Progress 08/01/05 to 08/01/06

Outputs
In the reporting period we investigated the anaerobic fermentation of glycerol by E. coli, thus creating a significant knowledge base that enables the implementation of metabolic engineering strategies proposed in the project. We discovered that Escherichia coli can ferment glycerol in a pH-dependent manner. We hypothesized that glycerol fermentation is linked to the availability of CO2, which under acidic conditions is produced by the oxidation of formate by the enzyme formate hydrogen lyase (FHL). In agreement with this hypothesis, glycerol fermentation was severely impaired by blocking the activity of FHL. We demonstrated that, unlike CO2, hydrogen (the other product of FHL-mediated formate oxidation) had a negative impact on cell growth and glycerol fermentation.
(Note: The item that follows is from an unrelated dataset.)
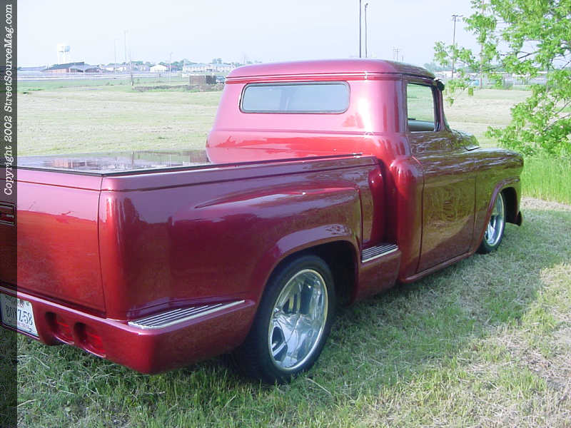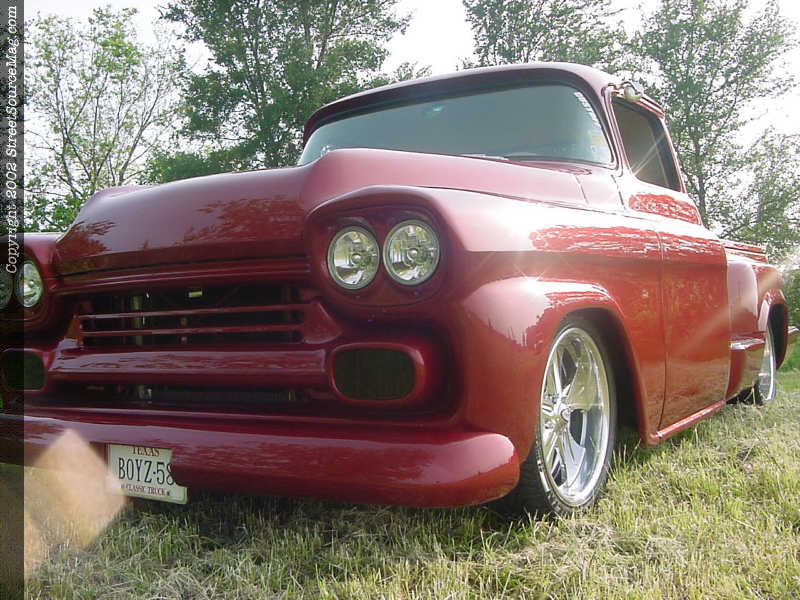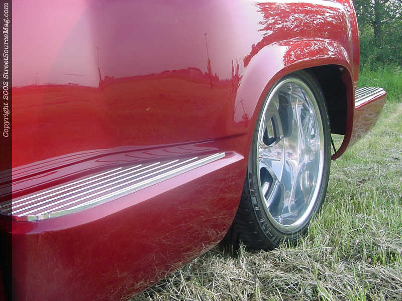 Adding to the body modifications Billy had the top of this 58' chopped 3" and custom glass installed to accommodate the chop. With the cab and fenders taken care off Billy decided to junk the factory bed and go with a 90's model step-side bed and adding to this Billy molded in a ZR-1 roll-pan, billet specialties step plates and a relocated gas neck behind the flip down license plate.  Once the bodywork was finished Billy had Legacy Paint and body of Garland Texas lay down the fire mist red paint in excellent fashion to bring this truck to life.

In addition, supplementation of the medium with CO2 partially restored the ability of an FHL-deficient strain to ferment glycerol. High pH resulted in low CO2 generation (low activity of FHL) and availability (most CO2 is converted to bicarbonate), and consequently very inefficient fermentation of glycerol. Most of the fermented glycerol was recovered in the reduced compounds succinate and ethanol (93% of the product mixture), which reflects the highly reduced state of glycerol and confirms the fermentative nature of this process.

Impacts
The worldwide surplus of glycerol generated as inevitable by-product of biodiesel fuel and oleochemical production is resulting in the shutdown of traditional glycerol-producing/refining plants and new applications are needed for this now abundant carbon source. Our findings should enable the development of an E. coli-based platform for the anaerobic production of reduced chemicals from glycerol at yields higher than those obtained from common sugars such as glucose (including succinate, the product of interest in this project)

Publications

Dharmadi, Y., Murarka, A., and Gonzalez, R., (2006). Anaerobic Fermentation of Glycerol by Escherichia coli: A New Platform for Metabolic Engineering. Biotechnol. Bioeng. 94 (5): 821-829 (Accelerated Publication).